Мне было стыдно признаться, что до этого чудовищного поступка меня интриговал этот миллиардер со шрамами и татуировками. Тирнан был образцом контраста, и как любитель искусства, а иногда и художник, я не могла не чувствовать себя обязанной разобраться в хитросплетениях его двойственности.

Голос Тирнана был учтивым, совершенным для Восточного побережья, но произносимые им слова сочились гневом и горечью, казались грубыми там, где должны были быть нежными. Тот же гнев отражался в этих змеиных глазах, в их прищуренном взгляде под тяжелыми бровями. Но губы у него были полными, мягкими и нежно-розовыми, как внутренняя поверхность морской раковины. Он не сочетался с его суровыми чертами и длинным, глубоким шрамом, но все же подходил. Он носил дорогую, безупречно сшитую одежду, как классический нью-йоркский бизнесмен, но его кожа была испещрена черными татуировками, изрезавшими его плоть латинскими фразами и детальными очертаниями случайных изображений, таких как роза на тыльной стороне ладони и набитые на обеих руках рукава, выполненные в черно-серых тонах.

Тирнан взял на работу глухого, мужчину со шрамом и женщину-адвоката, словно для него что-то значат равенство и признание, но при этом называл меня «малышкой», как будто я была вещью, а не девушкой.

Тирнан взял на воспитание двух осиротевших детей, которые в противном случае были бы обречены на сомнительную систему патронатного воспитания и потенциально разлучены друг с другом, но меня Тирнан, похоже, ненавидел. Так почему же он стал нашим опекуном?

С пульсирующей от боли головой я пыталась понять жестокого человека, который нас спас, хотя, похоже, стремился нас уничтожить.

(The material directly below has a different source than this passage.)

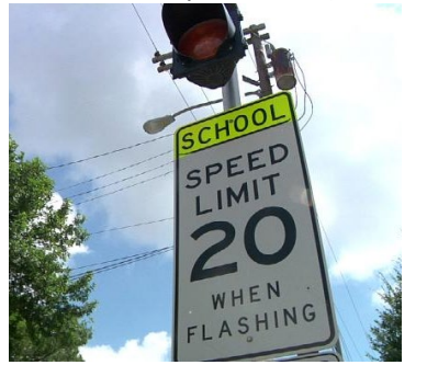
No parking any time (MUTCD R7-1)

Я отбросила шелковые простыни и свесила ноги с края кровати на мягкий ковер, на котором несколько часов проплакала вчера вечером. Сквозь горизонт пробивался рассвет, разливая бледный, как молоко, свет по морозному пейзажу за окном. Скоро встанет Брэндо, если уже не встал, и мне хотелось, чтобы наше первое утро в этой готической дыре мы провели вместе.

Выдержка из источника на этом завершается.